The following read excites me a lot. It’s about exploiting protocols for fun and profit! In this case, the author managed to establish the following thesis: YouTube can be perceived as an Infinite File Storage provider, considering that you don’t have restrictions on how much videos you upload (not per day), so finding a way to encode data in video format allows you to upload it on YouTube for free. For me, it’s ideas like this that pave the way for new discoveries and ways of development.
https://hackaday.com/2023/02/21/youtube-as-infinite-file-storage/
YouTube As Infinite File Storage
Anyone who was lucky enough to secure a Gmail invite back in early 2004 would have gasped in wonder at the storage on offer, a whole gigabyte! Nearly two decades later there’s more storage to be had for free from Google and its competitors, but it’s still relatively easy to hit the paid tier. Consider this though, how about YouTube as an infinite cloud storage medium?
The proof of concept code from [DvorakDwarf] works by encoding binary files into video files which can then be uploaded to the video sharing service.
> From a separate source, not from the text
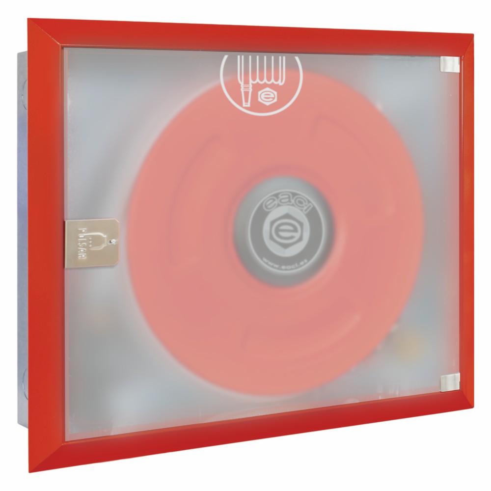 Las dimensiones del cajón de empotramiento son: Altura 610 mm, Ancho 730 mm y Fondo 175 mm, mientras que el frontal extraíble presenta unas dimensiones de Altura 695 mm, Ancho 815 mm y Fondo 30 mm. El acabado exterior en Poliéster Ral 3000 (rojo normalizado) garantiza la identificación inmediata del equipo según normativa, mientras que la puerta de metacrilato translúcido permite comprobar visualmente el estado del equipo sin necesidad de abrir el armario. La devanadera fabricada en termoplástico copolímero ofrece una óptima estabilidad dimensional, resistencia al impacto superior a las obsoletas devanaderas de chapa de acero, sin abolladuras, deformaciones, deterioro de pintura ni oxidación. Cuenta con certificación de resistencia UV según exposición a fuentes luminosas de arco de Xenón conforme ISO 4892-2.
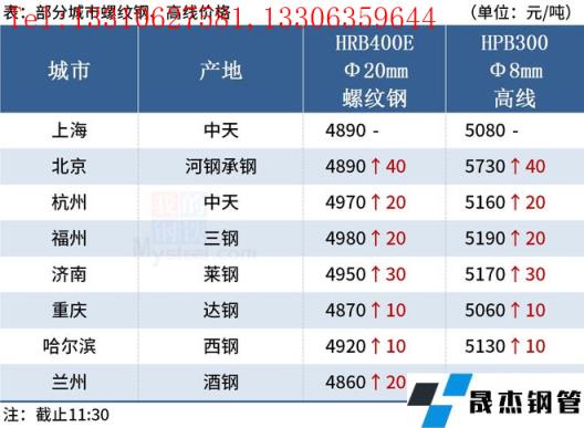 ◎福州:3日早盤建材市場價(jià)格漲20,現(xiàn)線三鋼5190三寶5170,螺三鋼4980三寶4960大東海4960吳鐵4950,盤三鋼5260三寶5240。(單位:元/噸)

It’s hardly a new idea as there were clever boxes back in the 16-bit era that would do the same with a VHS video recorder, but it seems that for the moment it does what it says, and turns YouTube into an infinite cloud file store.
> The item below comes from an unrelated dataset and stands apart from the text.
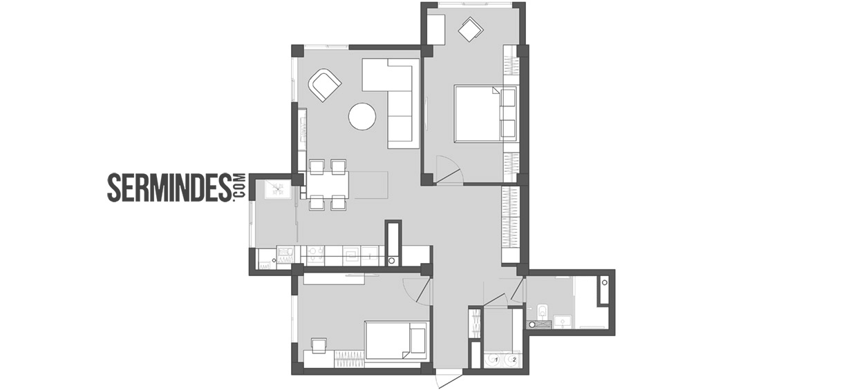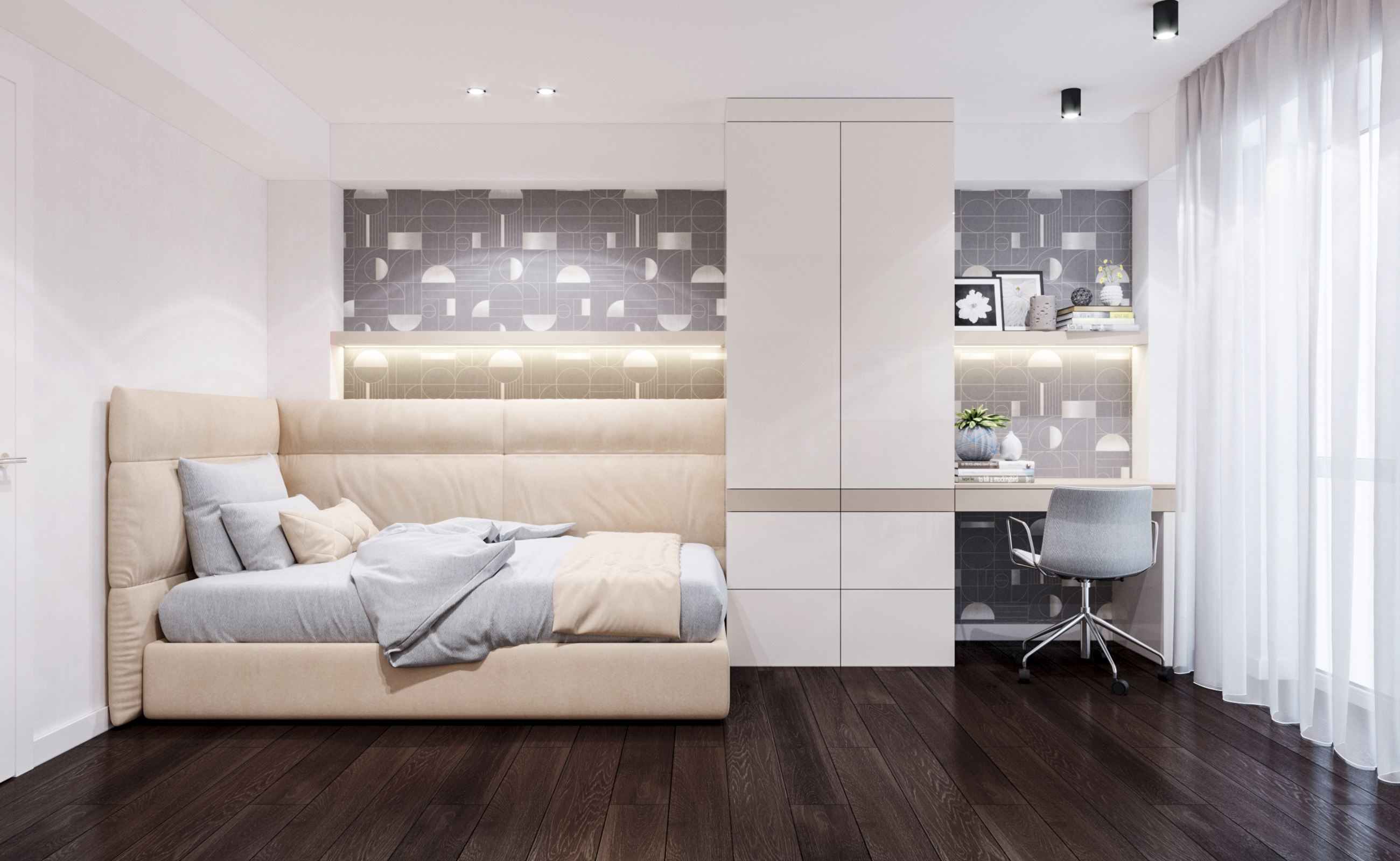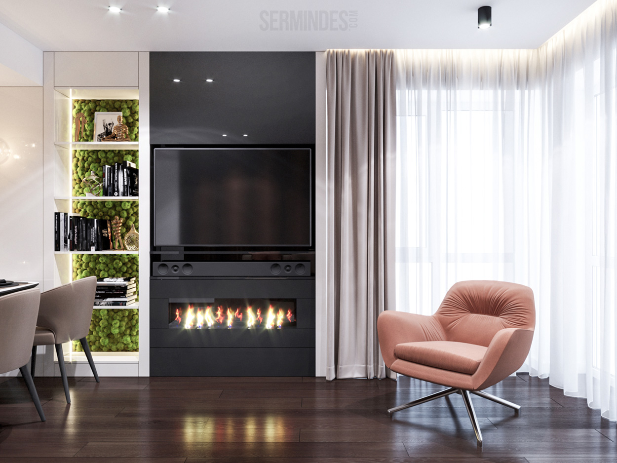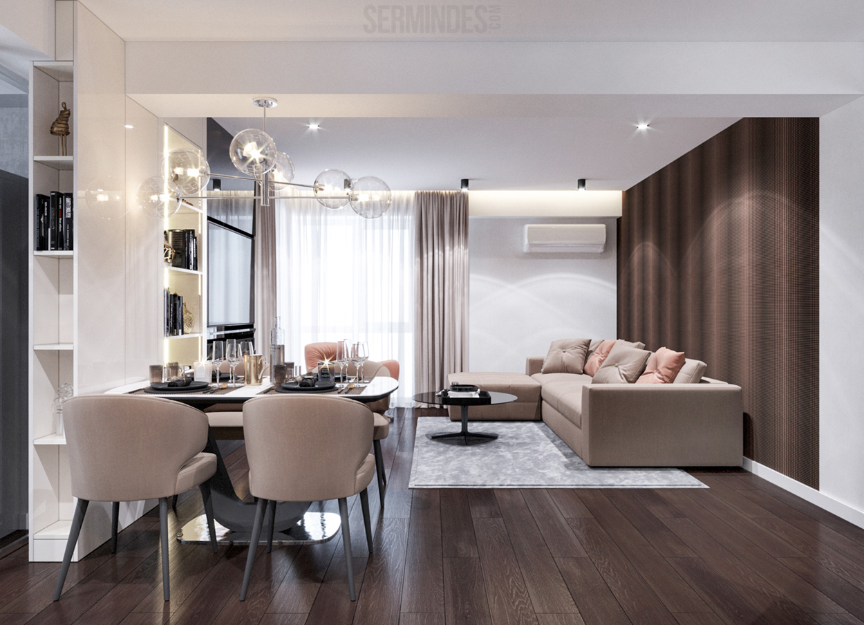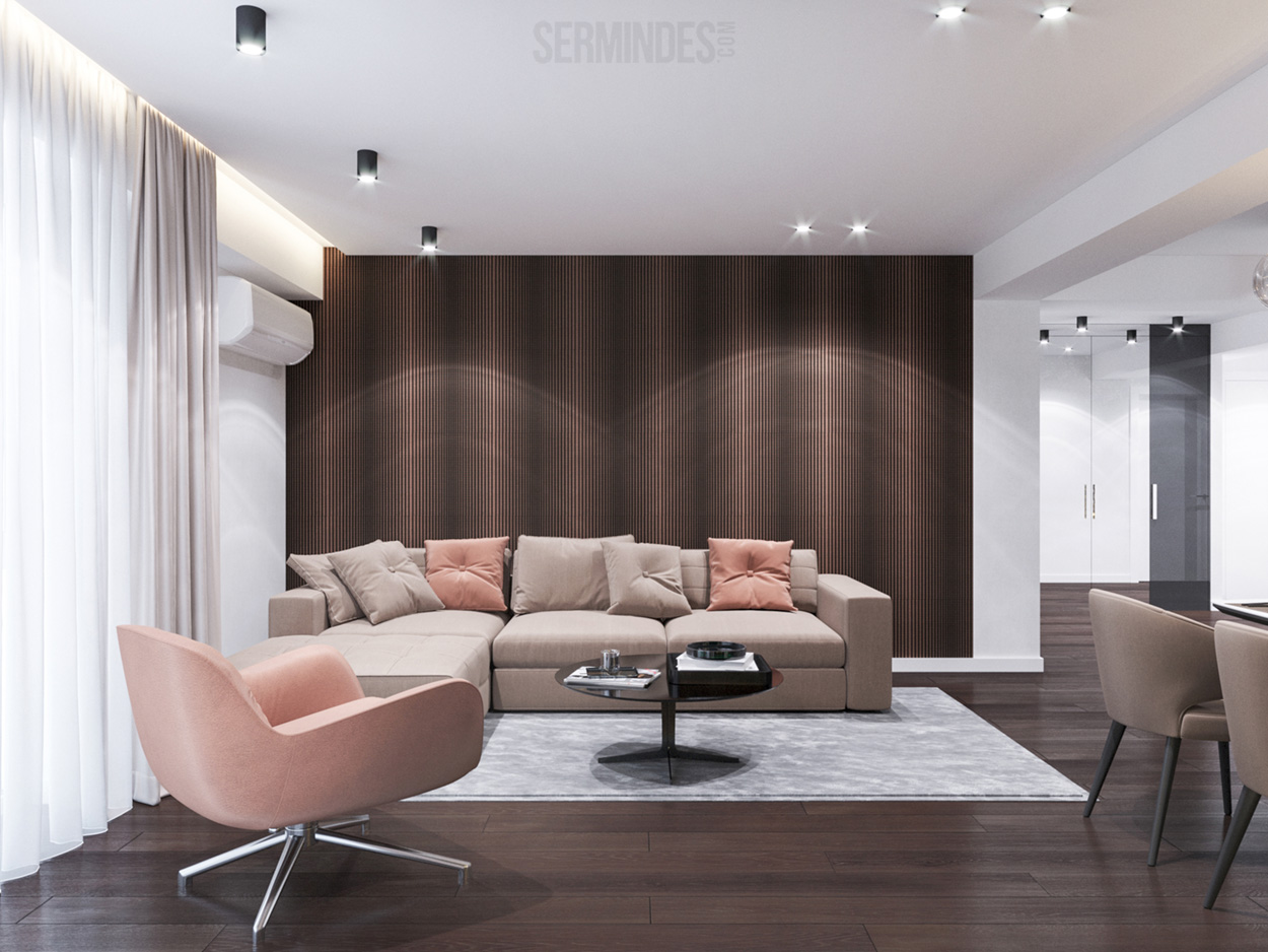 Apartment located in Chisinau, with an area of 89 m.p. Designed in a contemporary style, with a contrasting color effect. The project was developed in 2020.

The README goes into a bit of detail about how the code tries to avoid the effects of YouTube’s compression algorithm. It eschews RGB colour for black and white pixels, and each displayed pixel in the video is made of a block of the real pixels. The final video comes in at around four times the size of the original file, and looks like noise on the screen. There’s an example video, which we’ve placed below the break.
Whether this is against YouTube’s TOS is probably open for interpretation, but we’re guessing that the video site could spot these uploads with relative ease and apply a stronger compression algorithm which would corrupt them. As an alternate approach, we recommend hiding all your important data in podcast episodes.